Nucleic Acids and Vectors The present disclosure also provides one or more nucleic acid sequences encoding the heteromultimers described herein. The term "nucleic acid sequence" encompasses polymers of DNA or RNA, i.e., polynucleotides, which may be single-stranded or double-stranded and may contain non-natural or modified nucleotides. As used herein, the terms "nucleic acid" and "polynucleotide" refer to polymeric forms of nucleotides of any length, either ribonucleotides (RNA) or deoxyribonucleotides (DNA). These terms refer to the primary structure of the molecule, and thus include double-stranded and single-stranded DNA, as well as double-stranded and single-stranded RNA. The terms include as equivalents analogs of either RNA or DNA made from nucleotide analogs, as well as modified polynucleotides, such as, but not limited to, methylated and/or end-protected polynucleotides. Nucleic acids are typically linked via phosphate linkages to form nucleic acid sequences or polynucleotides, although many other linkages are known in the art (e.g., phosphorothioates, boranophosphates, etc.).
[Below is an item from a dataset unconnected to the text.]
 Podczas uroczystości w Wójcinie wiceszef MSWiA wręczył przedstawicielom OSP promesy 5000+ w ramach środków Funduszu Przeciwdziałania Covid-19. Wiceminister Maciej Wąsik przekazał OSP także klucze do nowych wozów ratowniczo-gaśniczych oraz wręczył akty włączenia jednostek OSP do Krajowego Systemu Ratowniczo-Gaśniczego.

In some aspects, the disclosure provides one or more nucleic acid sequences encoding the heavy and light chains of a first heterodimer. For example, a first nucleic acid sequence may encode the heavy chain of the first heterodimer, and a second nucleic acid sequence different from the first nucleic acid sequence may encode the light chain of the first heterodimer. Alternatively, both the heavy and light chains of the first heterodimer may be encoded by a single nucleic acid sequence. Similarly, a first nucleic acid sequence may encode the heavy chain of a second heterodimer, and a second different nucleic acid sequence may encode the light chain of the second heterodimer. Alternatively, both the heavy and light chains of the second heterodimer may be encoded by a single nucleic acid sequence. In other aspects, a single nucleic acid sequence may encode the heavy and light chains of the first heterodimer and the heavy and light chains of the second heterodimer. Exemplary nucleic acid sequences encoding the CDRs, variable regions, and heavy and light chains that bind DLL3 and human CD3 are set forth below in Sequence Tables 15 and 15A.
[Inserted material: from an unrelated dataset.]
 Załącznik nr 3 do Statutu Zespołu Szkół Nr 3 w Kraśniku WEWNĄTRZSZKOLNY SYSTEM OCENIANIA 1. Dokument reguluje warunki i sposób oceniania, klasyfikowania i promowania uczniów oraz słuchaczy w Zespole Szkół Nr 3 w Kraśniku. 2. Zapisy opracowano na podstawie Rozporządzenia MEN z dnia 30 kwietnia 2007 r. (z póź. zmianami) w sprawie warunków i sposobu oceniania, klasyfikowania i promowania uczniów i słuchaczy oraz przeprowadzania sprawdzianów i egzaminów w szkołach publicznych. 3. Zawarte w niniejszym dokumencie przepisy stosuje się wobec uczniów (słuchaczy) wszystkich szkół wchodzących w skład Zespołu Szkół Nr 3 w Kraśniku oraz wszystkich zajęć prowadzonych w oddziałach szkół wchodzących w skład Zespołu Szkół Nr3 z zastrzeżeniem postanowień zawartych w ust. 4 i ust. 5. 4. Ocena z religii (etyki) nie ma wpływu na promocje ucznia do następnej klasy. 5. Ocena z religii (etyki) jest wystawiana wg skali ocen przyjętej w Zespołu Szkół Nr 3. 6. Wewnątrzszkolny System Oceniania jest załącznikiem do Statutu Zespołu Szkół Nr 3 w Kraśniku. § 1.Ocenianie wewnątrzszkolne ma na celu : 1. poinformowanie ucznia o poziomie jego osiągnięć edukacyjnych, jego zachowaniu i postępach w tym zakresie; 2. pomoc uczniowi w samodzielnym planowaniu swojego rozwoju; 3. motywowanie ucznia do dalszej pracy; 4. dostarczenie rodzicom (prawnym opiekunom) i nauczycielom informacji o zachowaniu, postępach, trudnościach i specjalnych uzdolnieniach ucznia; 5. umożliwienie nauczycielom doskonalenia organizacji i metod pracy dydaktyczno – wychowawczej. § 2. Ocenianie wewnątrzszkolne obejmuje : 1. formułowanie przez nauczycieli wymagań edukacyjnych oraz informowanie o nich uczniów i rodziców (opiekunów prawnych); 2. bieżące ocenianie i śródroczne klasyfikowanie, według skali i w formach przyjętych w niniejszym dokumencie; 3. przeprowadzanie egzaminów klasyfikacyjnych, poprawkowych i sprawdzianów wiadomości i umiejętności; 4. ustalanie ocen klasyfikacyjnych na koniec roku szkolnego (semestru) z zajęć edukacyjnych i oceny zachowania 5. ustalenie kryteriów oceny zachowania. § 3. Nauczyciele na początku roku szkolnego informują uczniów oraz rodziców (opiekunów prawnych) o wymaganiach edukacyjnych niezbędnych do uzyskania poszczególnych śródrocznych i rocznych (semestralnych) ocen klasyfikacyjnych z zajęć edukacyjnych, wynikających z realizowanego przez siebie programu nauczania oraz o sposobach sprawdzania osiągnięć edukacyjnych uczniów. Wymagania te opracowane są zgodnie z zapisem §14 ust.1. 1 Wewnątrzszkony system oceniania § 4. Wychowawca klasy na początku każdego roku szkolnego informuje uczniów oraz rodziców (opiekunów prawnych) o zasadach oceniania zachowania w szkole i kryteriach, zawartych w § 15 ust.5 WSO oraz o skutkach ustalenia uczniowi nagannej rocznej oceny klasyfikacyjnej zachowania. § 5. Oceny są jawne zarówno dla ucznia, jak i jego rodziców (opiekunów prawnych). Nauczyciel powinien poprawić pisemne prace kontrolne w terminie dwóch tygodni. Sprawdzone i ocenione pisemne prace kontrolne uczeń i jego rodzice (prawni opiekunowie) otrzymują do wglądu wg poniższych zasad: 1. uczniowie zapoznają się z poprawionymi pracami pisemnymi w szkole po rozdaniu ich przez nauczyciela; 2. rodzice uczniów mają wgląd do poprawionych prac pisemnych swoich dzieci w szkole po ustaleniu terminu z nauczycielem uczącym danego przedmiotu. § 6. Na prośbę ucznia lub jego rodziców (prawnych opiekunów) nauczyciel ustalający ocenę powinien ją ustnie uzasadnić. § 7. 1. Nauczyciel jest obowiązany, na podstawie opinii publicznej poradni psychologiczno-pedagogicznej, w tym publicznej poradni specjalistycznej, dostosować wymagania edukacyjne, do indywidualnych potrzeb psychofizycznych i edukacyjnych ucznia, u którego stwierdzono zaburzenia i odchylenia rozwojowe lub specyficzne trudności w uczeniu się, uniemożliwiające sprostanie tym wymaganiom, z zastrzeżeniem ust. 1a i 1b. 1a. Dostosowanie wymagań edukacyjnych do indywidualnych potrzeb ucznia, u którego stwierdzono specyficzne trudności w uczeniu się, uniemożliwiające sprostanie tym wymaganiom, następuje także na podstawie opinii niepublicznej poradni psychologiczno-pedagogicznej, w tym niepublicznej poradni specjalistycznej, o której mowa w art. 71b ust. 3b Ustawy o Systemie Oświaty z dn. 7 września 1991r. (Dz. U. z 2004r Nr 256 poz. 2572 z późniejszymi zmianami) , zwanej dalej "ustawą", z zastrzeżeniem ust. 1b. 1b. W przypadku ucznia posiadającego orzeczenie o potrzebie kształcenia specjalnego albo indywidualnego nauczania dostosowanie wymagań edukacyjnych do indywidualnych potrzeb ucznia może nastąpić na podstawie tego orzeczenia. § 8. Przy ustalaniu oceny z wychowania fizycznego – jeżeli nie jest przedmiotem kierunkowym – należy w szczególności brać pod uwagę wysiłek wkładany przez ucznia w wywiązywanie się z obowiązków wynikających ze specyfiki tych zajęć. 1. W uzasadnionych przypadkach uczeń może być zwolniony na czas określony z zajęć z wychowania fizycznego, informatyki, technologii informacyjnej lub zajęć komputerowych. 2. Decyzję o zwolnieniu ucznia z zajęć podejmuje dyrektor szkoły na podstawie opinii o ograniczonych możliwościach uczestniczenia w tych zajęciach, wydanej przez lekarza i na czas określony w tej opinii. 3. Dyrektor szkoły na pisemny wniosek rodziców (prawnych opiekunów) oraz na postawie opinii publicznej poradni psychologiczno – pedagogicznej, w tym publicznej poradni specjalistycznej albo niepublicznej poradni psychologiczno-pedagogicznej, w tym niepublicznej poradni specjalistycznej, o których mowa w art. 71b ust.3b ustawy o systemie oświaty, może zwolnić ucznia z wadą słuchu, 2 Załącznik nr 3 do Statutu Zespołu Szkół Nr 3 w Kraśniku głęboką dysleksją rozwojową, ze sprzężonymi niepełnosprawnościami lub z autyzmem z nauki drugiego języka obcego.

The present disclosure further provides a vector comprising one or more nucleic acid sequences encoding a heteromultimer, or a component thereof (e.g., a first heterodimer and/or a second heterodimer). The vector can be, for example, a plasmid, an episome, a cosmid, a viral vector (e.g., a retrovirus or adenovirus), or a phage. Suitable vectors and methods for vector preparation are well known in the art (see, e.g., Sambrook et al., Molecular Cloning, a Laboratory Manual, 3rd edition, Cold Spring Harbor Press, Cold Spring Harbor, N.Y. (2001); and Ausubel et al., Current Protocols in Molecular Biology, Greene Publishing Associates and John Wiley & Sons, New York, N.Y. (1994)).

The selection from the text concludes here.